“The pandemic is behind us.” That’s what most cities and businesses are saying as the lockdown months get further and further in the rearview. Meanwhile, we’ve seen hybrid work truly take root and many markets seeing a "flight to quality" as tenants choose to leave outdated buildings in favor of new ones with contemporary amenities.
The result is a trend of rising office vacancy rates and a cascade of other negative effects on our cities—especially our downtowns and central business districts. There’s no escaping the fact that vacant office spaces are increasingly becoming a burden for cities and developers, taking up valuable real estate but not providing the same kind of economic value.
While we’ve studied the impact of this rising office vacancy and proposed innovative solutions at the building level, it’s becoming increasingly clear that the proverbial mountain we have to climb is convincing cities to come to the table to unlock this value.
The opportunity for cities is massive. They hold the key to facilitating real change in dealing with rising vacancy rates and reinvigorating downtowns and business districts. To that end, we’ve been working with multiple municipalities across North America to understand how this challenge can be navigated.
It all started as an exploration into how we could help our clients make decisions quickly on what to do with their vacant office space. Now, with a proof of concept that we can quickly determine if an underperforming asset makes a suitable candidate for conversion, Gensler is turning its attention to the impact these office-to-residential conversions would have on our downtowns.
Office-to-residential incentives
Many civic-minded developers see an exciting opportunity to play a role in the transformation of their cities. As the market has proven time and time again, making these conversion projects work financially can be difficult without additional incentives.
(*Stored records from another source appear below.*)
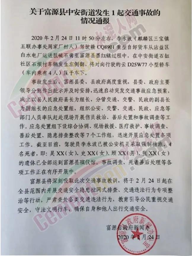 事故發(fā)生后,富源縣委、縣政府高度重視,縣委、政府主要領導分別作出批示并及時安排,迅速啟動突發(fā)交通事故應急預案成立以縣人民政府縣長為組長,分管交通、交警、民政的副縣長為副組長的應急處置組,組織公安、交警、交通、民政、應急等部門人員率隊趕赴現場開展傷員救治、善后處置和事故調查等工作。應急處置組下設綜合協調、現場救援、醫(yī)療救護、事故調查、善后處置、隱患排査整改等7個工作組,迅速開展應急處置各項工作。截至目前,駕駛員李永波已被公安機關采取強制措施,4名死者,即:吳XX(女)、史XX(女)、顧XX(男)、張XX(女)的遺體全部運到富源縣殯儀館。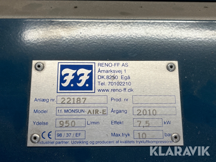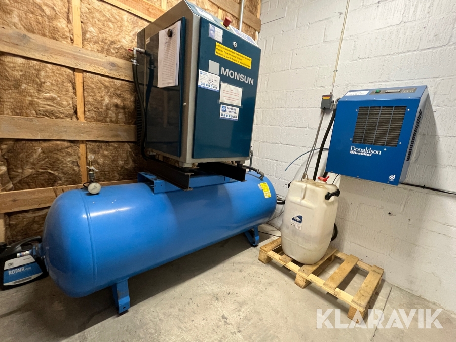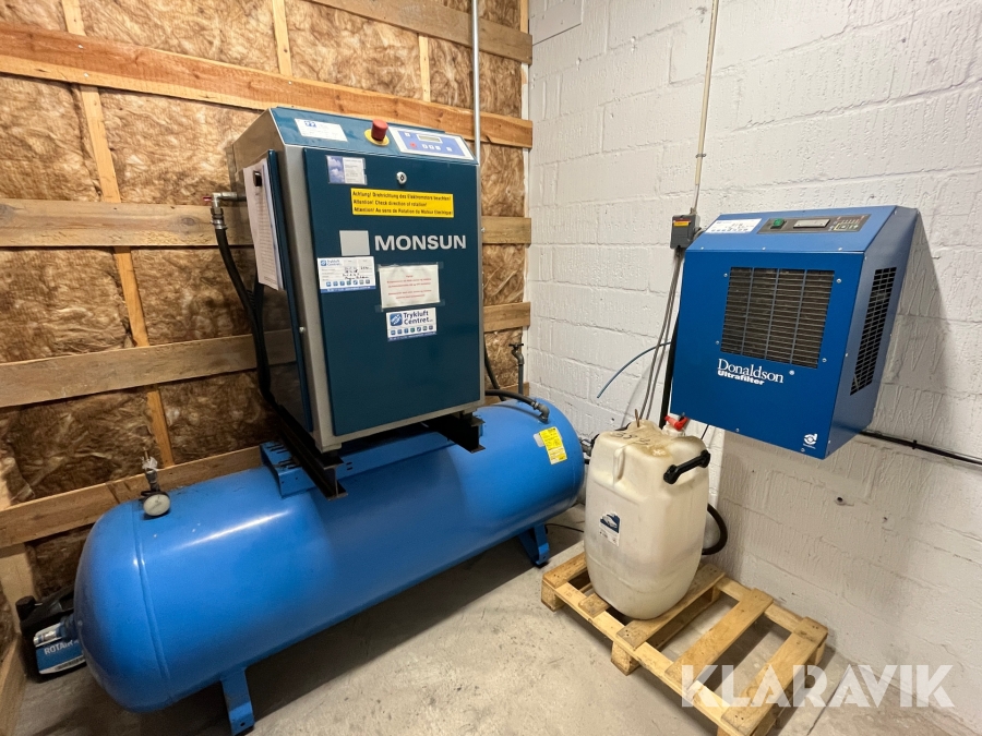 Kompressor Monsun med tørreanlæg og 500 liters tank
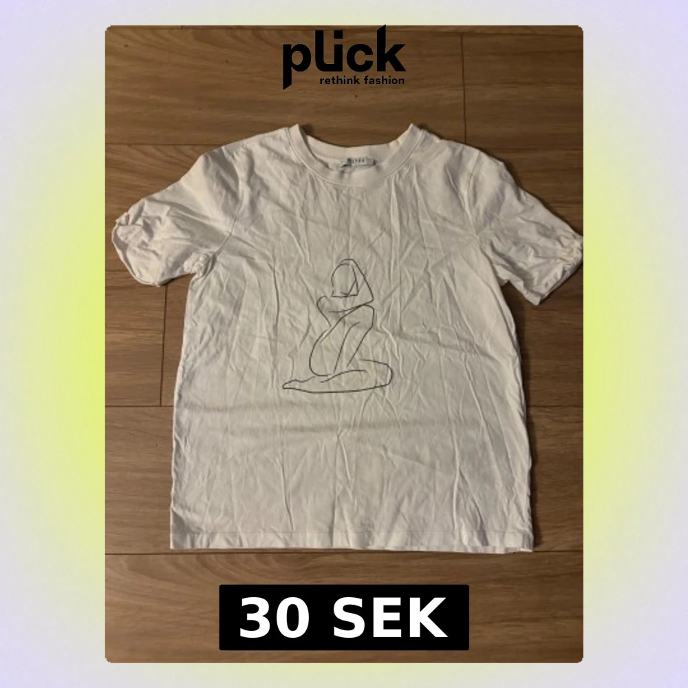 Vit t-shirt från Pieces med ett tryck i svart på framsidan. Klassisk rund hals och korta ärmar. Annvät Max 2 gånger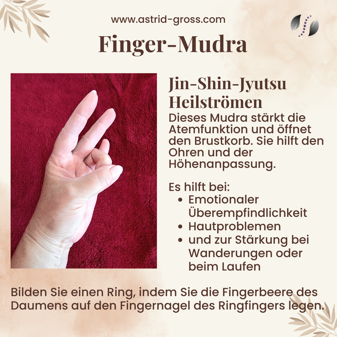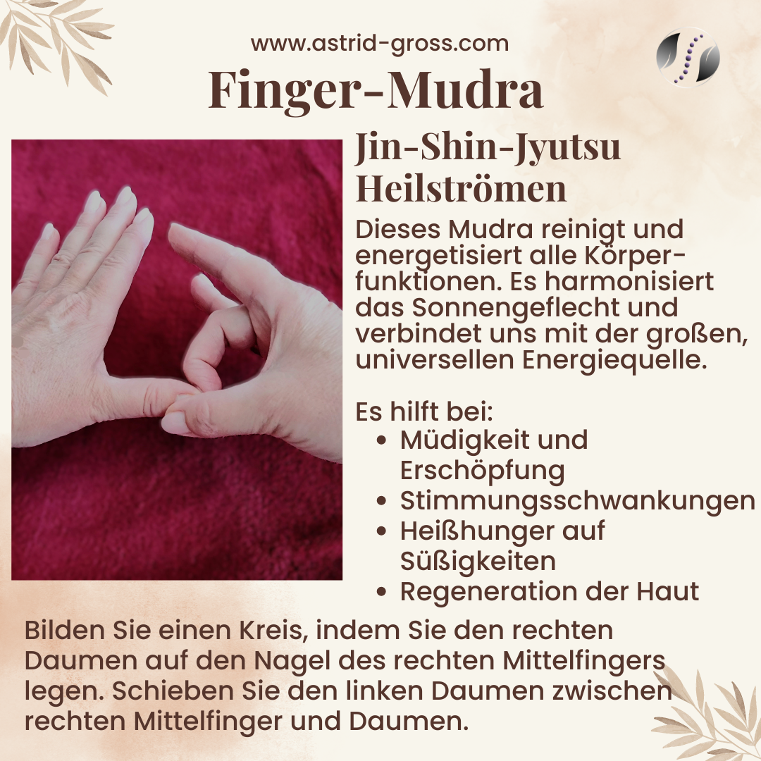 Dieses Mudra erfrischt Körper und Seele, es reinigt und erneuert. Es löst Stress, Ängste, Sorgen und Ärger.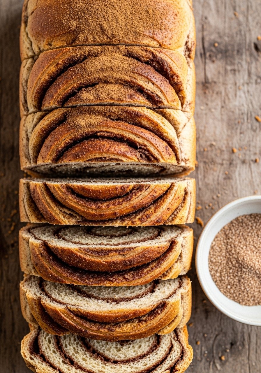 A cinnamon-sugar swirl adds warm spice and a bakery feel. The swirl caramelizes slightly where it meets the pan, giving delightful crunchy edges balanced by a soft center.

However, we are beginning to see multiple cities tackle this issue by offering incentives ranging from cash grants for projects that meet certain criteria, waived permit fees or development charges, and property tax breaks over a period of time.
Outside of financial incentives, another option for cities is to remove friction in the development process to allow projects to get to market faster and reduce the holding cost. Some examples include: waiving the need to apply for a change of use from office to residential, or the creation of a dedicated team assigned to review and process applications for qualifying conversion projects.
Learning from the leaders
The city of Calgary is the North American leader in incentivizing conversions. The city has made $100 million available to assist property owners in office-to-residential conversions through a grant funding mechanism that made $75 per sf available to eligible projects. This scheme is set to increase the downtown population by 23%, increasing the tax base and injecting new life into the city, improving activity, vibrancy, and safety.
In Chicago, the city is focusing its efforts on one neighborhood with the LaSalle Street Reimagined initiative, which makes state, county, and federal tax incentives available to the selected properties along the corridor. Further financial assistance may be available through Tax Increment Finance for projects that meet specific criteria such as a minimum of 30% affordable housing.
The city of Portland has also started looking into this concept and are considering a broad incentive package which may include, among others, exemption of system development charges (SDC’s) within a centralized geographic boundary, property tax exemption for seismic upgrade costs, fast-tracking tenant improvement permitting, and expanding a FAR density bonus for certain projects where it would be of value.
Citywide analysis
Some cities are looking into the urban fabric of their downtowns to understand the various components that are essential to a residential or true mixed-use neighborhood, and where these can be introduced to support office-to-residential conversion. These components include open space or parks, grocery, restaurants, education, childcare, and access to transit. In some cases, cities are considering changing underutilized parking lots into parks, or including restaurant and grocery uses on ground floors in their incentive packages to encourage and assist in “neighbourhood creation”.
Partnering together, developers and cities can turn vacant offices into vibrant mixed-use communities, creating investment opportunities and increasing overall quality of life in the area. By exploring innovative approaches to dismantle barriers to entry, both developers and cities can unlock hidden value in these empty spaces and create vibrant places to live.